Tuesday, April 21, 2009

Blogger = Elite, Wealthy

Oh dear. The Wall Street Journal conflates blogging with bloviating again (although Alan Murray has resonable things to say about charging for online content). It's a common mistake. A lot of old-school journalists make it. Russell Crowe's character did it in State of Play. I hear a New York Times reporter or other likewise presumed prestigious journalist make this mistake probably at least once a month.

It's okay. The Internet can be scary and confusing for some people. Here, let me explain. Blogging is a medium, not a genre. You can have a reported blog. TPM does it every day. You can have a blog that consists of paid adveritisng, much like infomercials on television or those junk glossies you can pick up for free at a coffee shop. You can also have an opinionated blog (mine is pretty much that), but the thing that links them together is not necessarily screeching about this or that, it is simply that they are all websites with dated entries.

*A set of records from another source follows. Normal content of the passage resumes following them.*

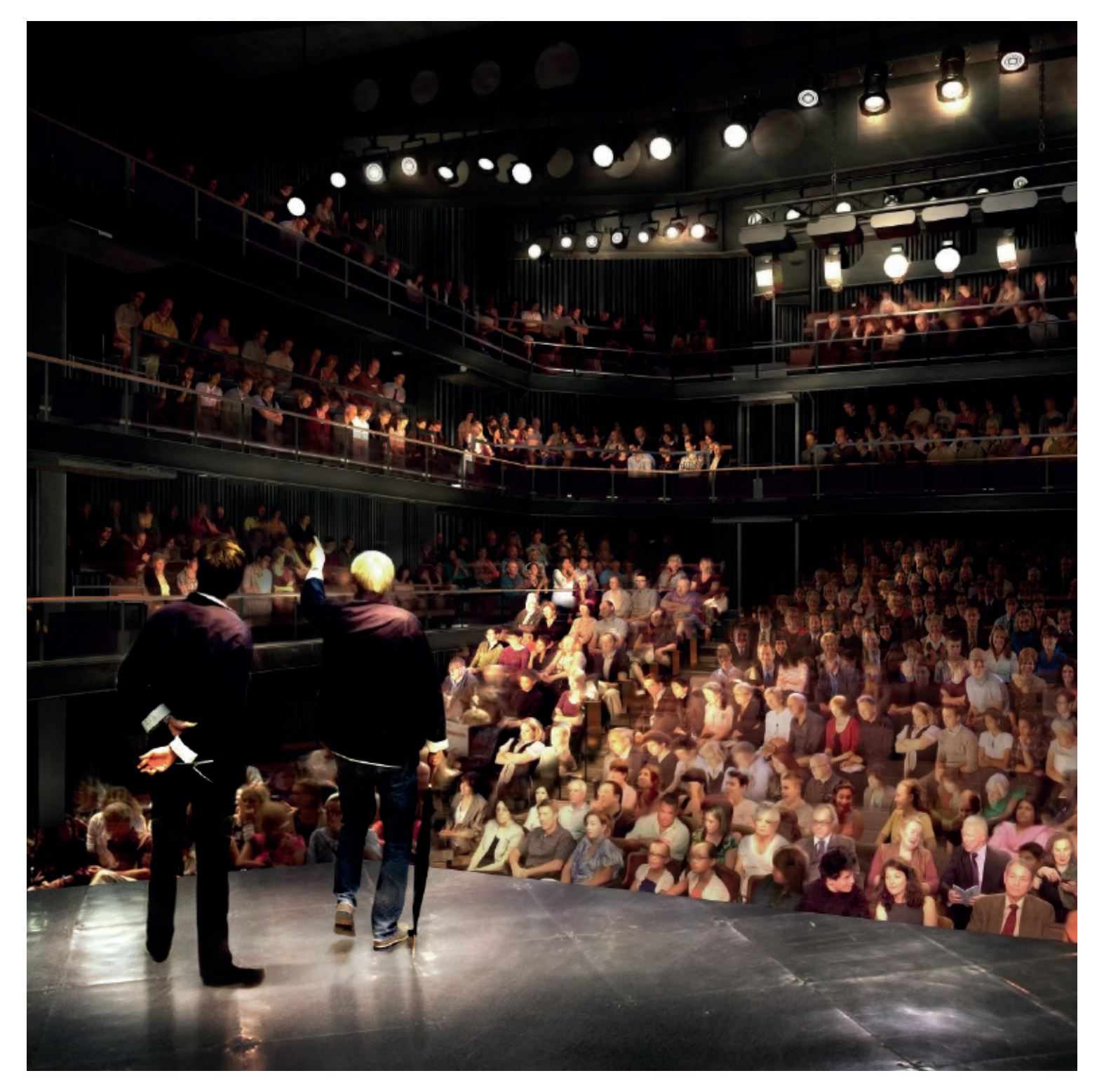
Computer generated image of the 900 seat modern auditorium, indicative only.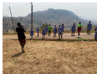
6) Video making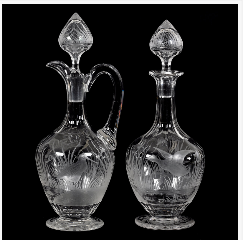
Pair of ABCG decanters signed Sinclair with an engraved game bird décor (both feature a sandpiper and duck in flight), with pattern engraved stoppers. One is handled, 13 inches tall, one has no handle.

Jason Woody Woody Auction +1 316-747-2694 email us here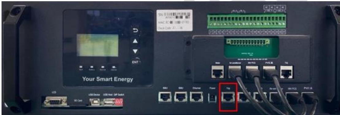
Fig. 1. EMS communication board schematic image

The dispatch communication port is the EMS Trip port in Fig. 1. The pin sequence is 3-B, 6-A , which is shown in the schematic in Fig. 2.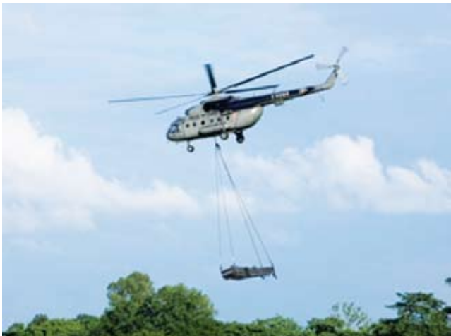
Transportation of Supplies to Troops by Helicopter of IAF

12.17 A total of 15,930 tonnes of logistics support load for the Northern sector and 2995 tonnes for the North Eastern sector have been airlifted since April 11, 2011. Routine flights are operated from Kargil to Jammu & Srinagar during the winter months.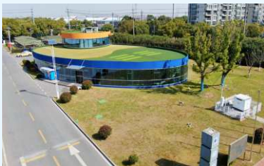
共享会议室 Reference room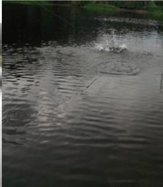
Alan's fish – playing, acrobatics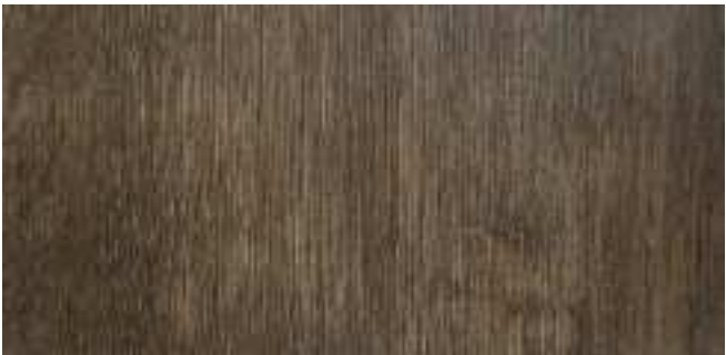
Code :FX501 Travish Oak Smoked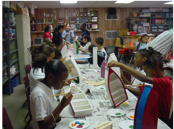
TMTR Outreach Project – Wichita Falls, Texas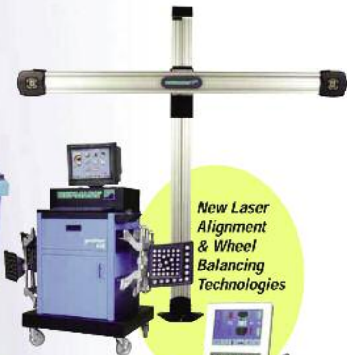
New Laser Alignment & Wheel Balancing Technologies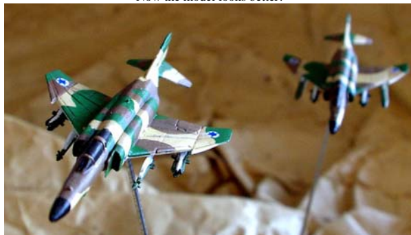
A pair of proud Kurnassim , ready to strike Syrians and Egyptians alike!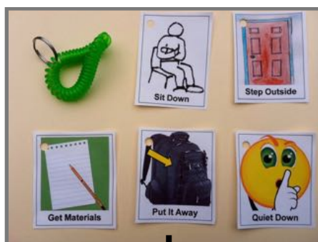
Small images carried on a key ring or lanyard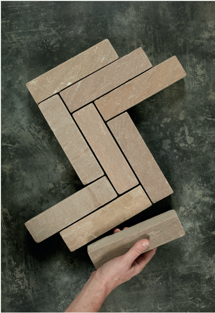
Raj Green Sandstone

Paving size L 200 x W 50 x H 40mm Pack size 9m 2 / 900 pcs Pack weight 975 kg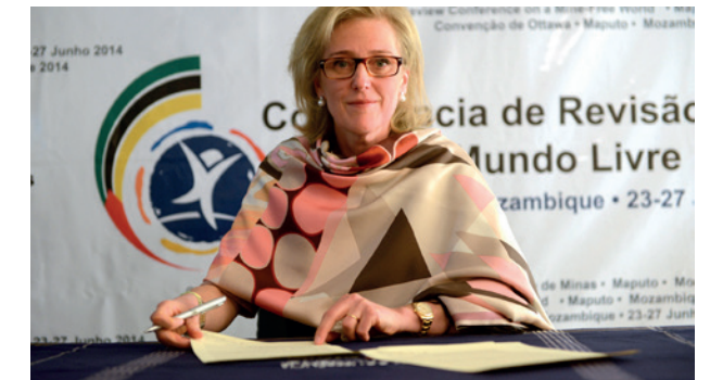
HRH Princess Astrid of Belgium, signing the Maputo Declaration in 2014. Princess Astrid, who has participated in the work of the Convention for nearly two decades, is also a Special Envoy of the Convention.

Ninety-seven (97) countries sign the Brussels Declaration stating their intent to negotiate a treaty banning anti-personnel mines in Oslo in September and to sign it by the end of the year in Ottawa. The Declaration is also presented to the Conference on Disarmament in Geneva.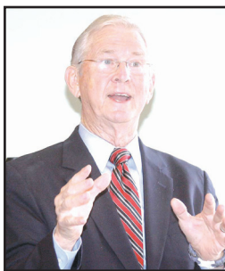
Judge Charles Pickering

In speaking of race relations Pickering stated, "We still have a ways to go to improve race relations. We come to the table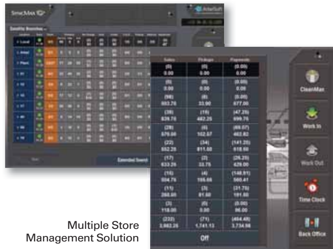
Multiple Store Management Solution

The SyncMax software is ideal for business owners operating large scale businesses with multiple store locations. SyncMax is a two way data transfer and communication system for the remote operation of satellite locations. The system is a perfect complement for LaundroMax and specifically allows for you to track the delivery status at each of your stores in order to prevent garment loss.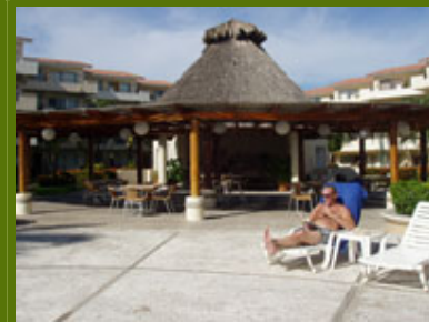
Priv. Restaurant & Bar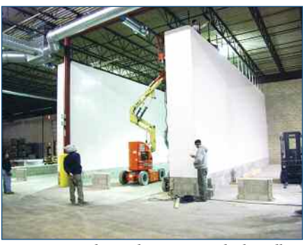
17 Foot High Panels on 2 Foot Block Wall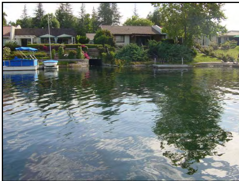
Figure 13-4. Sampling Location in Front of Storm Drain (WL3)

As of the writing of this TMDL, there are no non-MS4 NPDES permitted discharges in the Westlake Lake watershed. This includes non-stormwater discharges (individual and general permits) as well as general stormwater permits associated with construction and industrial activities.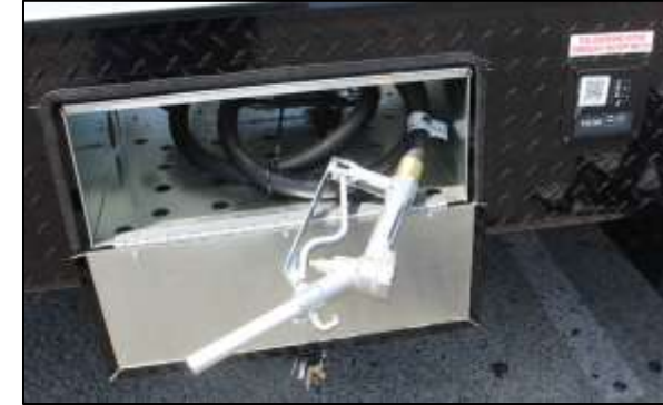
40-Gallon Fuel Station

It's interesting that the WSJ shows that there's some professionalization of the medium:
The best studies we can find say we are a nation of over 20 million bloggers, with 1.7 million profiting from the work, and 452,000 of those using blogging as their primary source of income. That's almost 2 million Americans getting paid by the word, the post, or the click -- whether on their site or someone else's. And that's nearly half a million of whom it can be said, as Bob Dylan did of Hurricane Carter: "It's my work he'd say, I do it for pay."
But it also shows that there's some replication of the old media paradigm:
Demographically, bloggers are extremely well educated: three out of every four are college graduates. Most are white males reporting above-average incomes. One out of three young people reports blogging, but bloggers who do it for a living successfully are 2% of bloggers overall. It takes about 100,000 unique visitors a month to generate an income of $75,000 a year.
Hm, that seems an awful lot like the Village Voice contributors of yore.

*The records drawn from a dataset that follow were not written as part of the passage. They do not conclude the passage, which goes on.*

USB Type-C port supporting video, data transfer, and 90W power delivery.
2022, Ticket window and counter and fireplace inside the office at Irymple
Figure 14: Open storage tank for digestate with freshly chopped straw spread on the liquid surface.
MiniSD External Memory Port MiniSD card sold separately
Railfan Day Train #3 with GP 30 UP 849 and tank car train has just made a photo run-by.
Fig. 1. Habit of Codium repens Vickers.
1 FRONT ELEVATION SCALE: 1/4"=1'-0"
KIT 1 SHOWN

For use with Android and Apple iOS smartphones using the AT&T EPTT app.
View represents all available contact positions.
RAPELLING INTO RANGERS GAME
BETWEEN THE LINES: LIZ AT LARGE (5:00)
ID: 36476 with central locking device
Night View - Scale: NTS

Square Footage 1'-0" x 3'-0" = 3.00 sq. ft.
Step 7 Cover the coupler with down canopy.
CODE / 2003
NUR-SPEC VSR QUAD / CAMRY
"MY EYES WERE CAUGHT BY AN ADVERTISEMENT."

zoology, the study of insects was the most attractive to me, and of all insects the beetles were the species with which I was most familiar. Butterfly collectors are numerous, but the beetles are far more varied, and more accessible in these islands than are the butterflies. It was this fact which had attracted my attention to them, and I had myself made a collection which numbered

Look, media has always been dominated by a wealthy, white, male elite. For the most part, it still is today. Women are consistently about a third of bylines and minority reporters in the newspaper industry are on the decline. It's not exactly a represenative industry. It's true that many of the old paradigms are getting replicated in a new medium when you're talking about top-tier bloggers.

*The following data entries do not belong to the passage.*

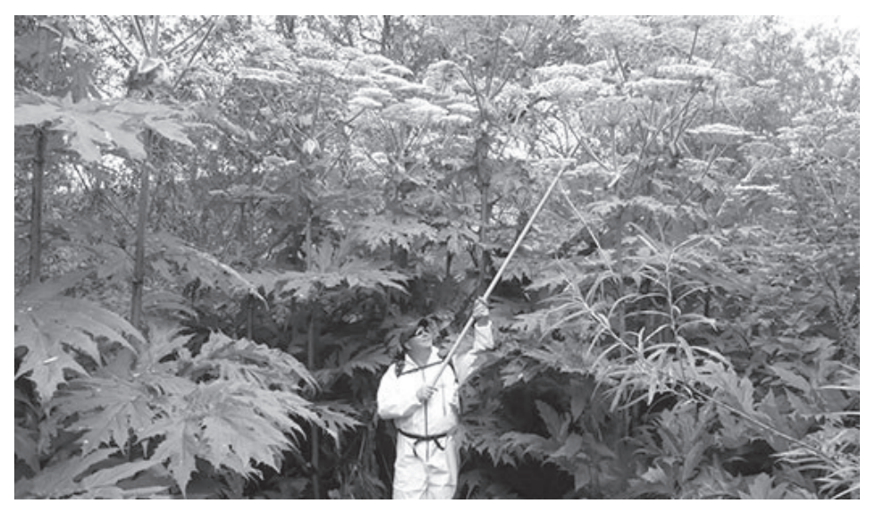
The scale that's possible when Giant Hogweed becomes established!

This is just one of the jobs that Wildlife Trust staff (not volunteers) have to do to ensure our reserves are safe and accessible. But we have lots of other tasks that we must do and involve our many volunteers in doing them. Both Tees Valley and Durham Wildlife Trusts have various opportunities for volunteers and we can't really survive without them. From charity trustees to data in-putters, from butterfly surveyors to litter pickers, from dry stone wallers to footpath builders - they all play their part. Volunteers not only help the Trusts to achieve their aims they also gain as well. Research has shown that volunteers benefit in a number of ways; from making new friends, working as part of team and the opportunity to spend some time outside enjoying nature. If you are interested in getting involved why not contact your local trust and see how you might help.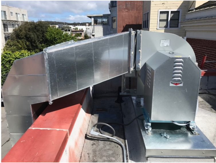
New roof-top supply fan.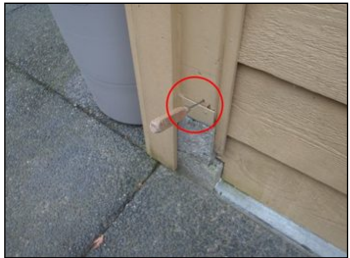
Rotted post bottom

The subject property is an approximately 35 year old, two storey, wood frame detached house built slab-on-grade with attached garage. Refer to the body of the report for improvement recommendations.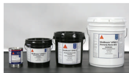
SikaBiresin® AP861-1 Part B hardener packaging

That said, there are plenty of people that blog that don't fall under the category of the WWME. That's why sites like Racialicious and Feministing have grown increasingly popular in recent years. At least these are sites that are devoted to a niche audience that has historically been neglected by more mainstream publications. I hope that blogging won't remain the stereotype of grizzled white dude reporter. Maybe these numbers will shift as the medium itself changes.